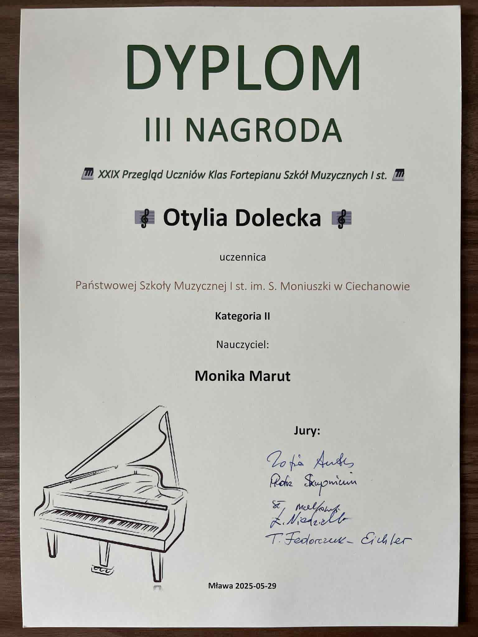 Nagrodzeni uczniowie na XXIX Przeglądzie Uczniów Klas Fortepianu w Mławie
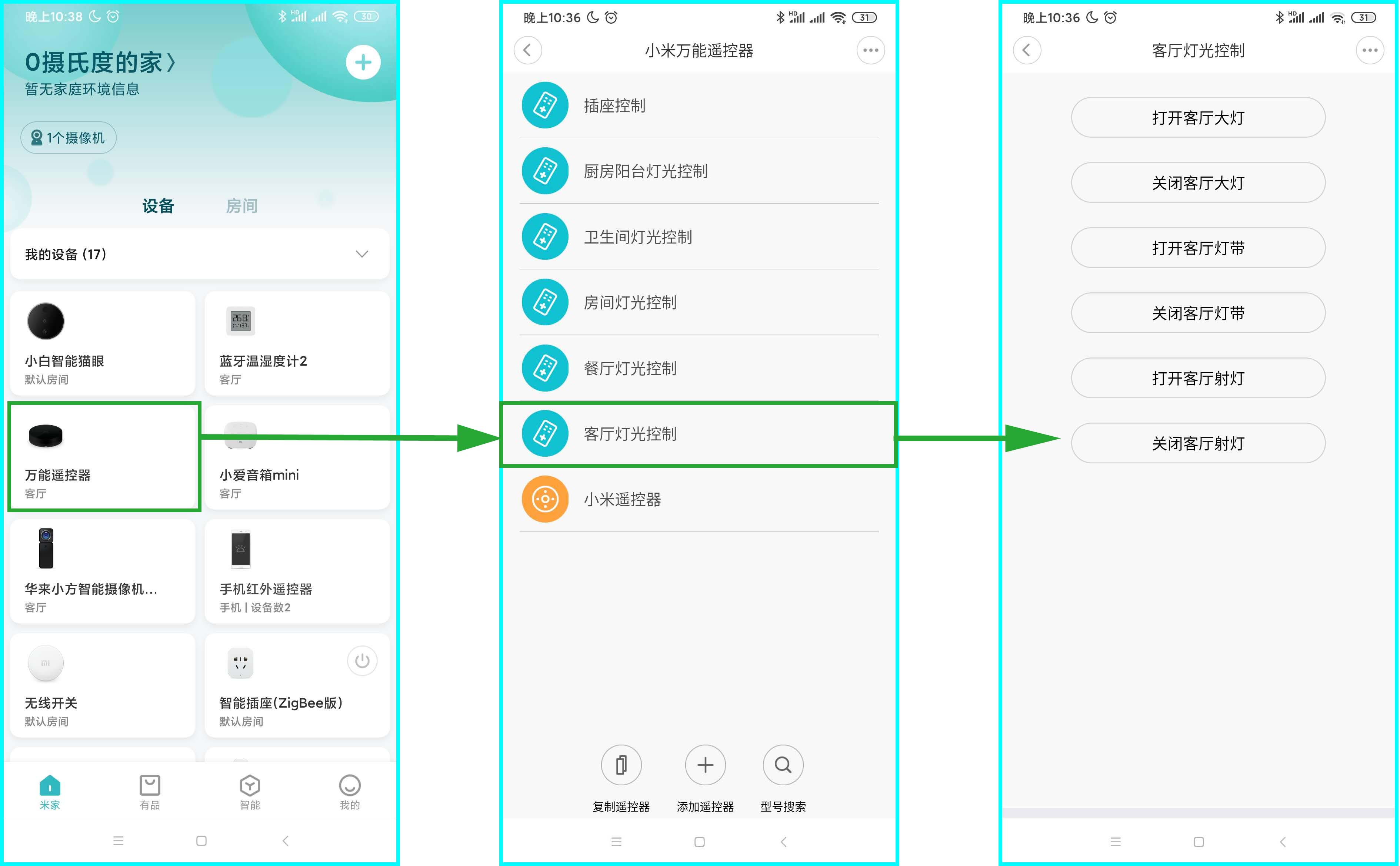 重复上述步骤,分别增加关闭客厅大灯、打开客厅灯带、关闭客厅灯带、打开餐厅大灯、关闭餐厅大灯......等等,上图最后一张手机截图就为我新增的部分的实例。
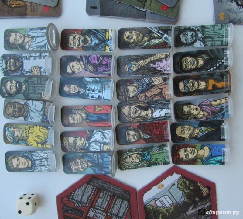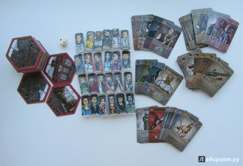 70 маркеров, 24 жетона Бойцов, 24 гексагона карты, 16 карт Целей, 13 карт наемников, 12 карт Событий, 12 карт Гаджетов, 12 карт Огнестрела, 12 карт Холодняка, 12 карт Транспорта, 12 карт Снабжения, 11 карт Зомби, 4 планшета игроков, 1 жетон мародеров, 3 линейки колод, 1 правила, 1инструкция выживальщика.
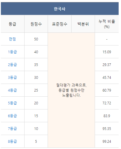 <2021년 4월 고3 모의고사/학력평가 한국사 등급컷>
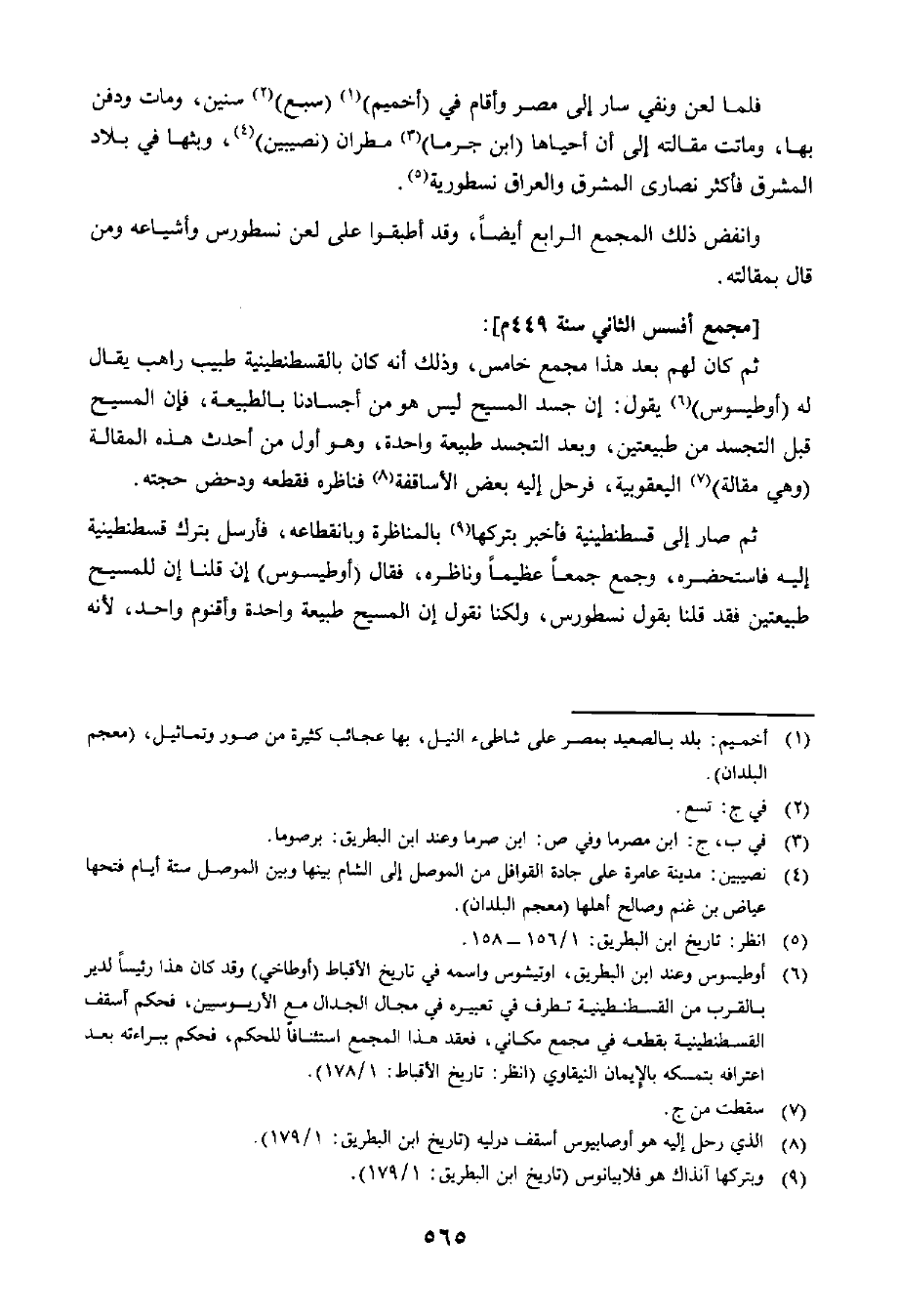 ثُمَّ كَانَ لَهُمْ بَعْدَ هَذَا مَجْمَعٌ خَامِسٌ، وَذَلِكَ أَنَّهُ كَانَ بِالْقُسْطَنْطِينِيَّةِ طَبِيبٌ رَاهِبٌ يُقَالُ لَهُ: أُوطِيسُوسُ يَقُولُ: إِنَّ جَسَدَ الْمَسِيحِ لَيْسَ هُوَ مِنْ أَجْسَادِنَا بِالطَّبِيعَةِ، فَإِنَّ الْمَسِيحَ قَبْلَ التَّجَسُّدِ مِنْ طَبِيعَتَيْنِ، وَبَعْدَ التَّجَسُّدِ طَبِيعَةٌ وَاحِدَةٌ، وَهُوَ أَوَّلُ مَنْ أَحْدَثَ هَذِهِ الْمَقَالَةَ وَهِيَ مَقَالَةُ الْيَعْقُوبِيَّةِ، فَرَحَلَ إِلَيْهِ بَعْضُ الْأَسَاقِفَةِ، فَنَاظَرَهُ وَقَطَعَهُ وَدَحَضَ حُجَّتَهُ.
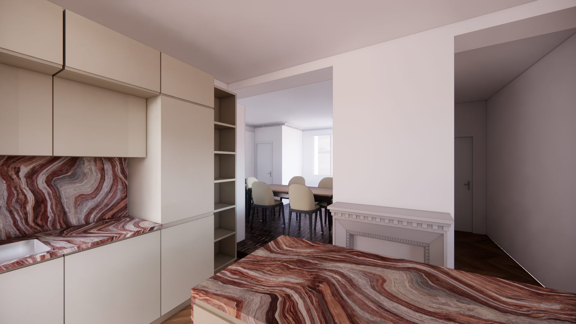 add a large art deco mirror above the fireplace mantel featuring an elegant geometric frame incorporate art deco ceiling moldings with refined symmetrical lines place a few cookbooks on the shelves on the left arranged naturally add some tableware elements plates bowls glasses on the countertops to create a realistic and warm atmosphere
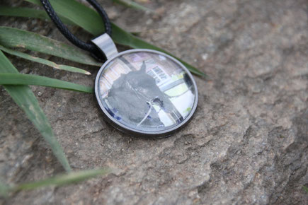 Kette Pferd am Putzplatz silber/schwarze Einfassung
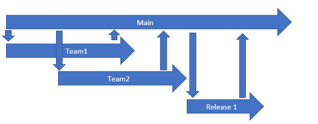 先简单介绍下我们的版本控制工具:微软的TFVC,代码的branch是按如下图创建的,有一个main branch每个scrum team一个branch,出release之前把各个team的branch merge回main,最后出release branch,release branch上修复的bug也要最终回main。
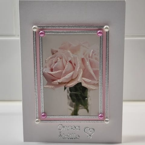 Vauva onnittelukortti sinisellä kannella ja vauvakuvalla. Kortissa kohokuvioitu hopeasävyinen kehys kuvan ympärillä sekä teksti "Vauva Onnittelut" etukannessa. Sisäpuoli on tyhjä omalle tervehdykselle. Sopii vauvan syntymän onnitteluun tai muuhun vauva-aiheiseen tervehdykseen.
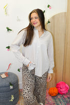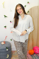 Embrace your inner romantic with this striped khaki blouse that's equal parts sweet and sassy. Featuring a playful lolita-inspired silhouette, it's the perfect piece for adding vintage charm and a dash of fun to any outfit. Effortlessly charming and undeniably cute.
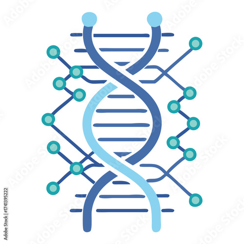 DNA Strand in Digital Age: A digitally rendered depiction of a DNA strand intertwined with a network of circuits, symbolizing the intersection of biology and technology.
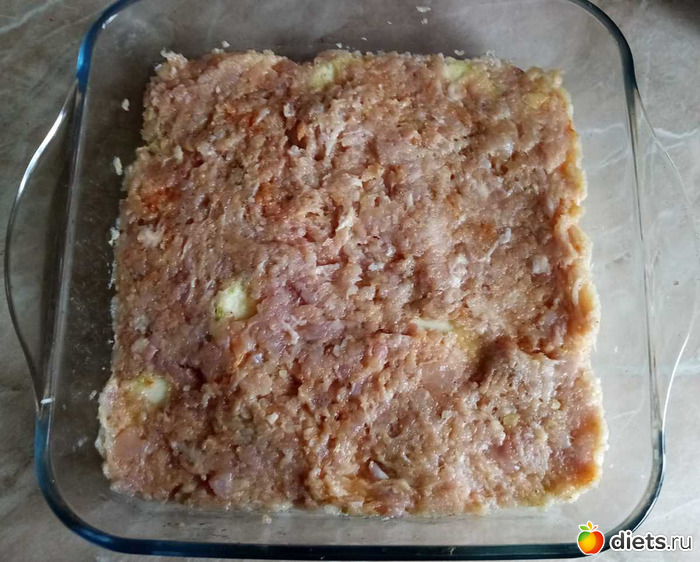 Еще я готовила на маленькую емкость и у меня получилось в два слоя, если емкость будет побольше, то фарш можно в один слой сделать

----

» **Task**
Your reply should consist solely of the lines from the one containing "DNA Strand in Digital" through the last line of the material, reproduced exactly and without pictures.

» **Completed task**
 DNA Strand in Digital Age: A digitally rendered depiction of a DNA strand intertwined with a network of circuits, symbolizing the intersection of biology and technology.
 Еще я готовила на маленькую емкость и у меня получилось в два слоя, если емкость будет побольше, то фарш можно в один слой сделать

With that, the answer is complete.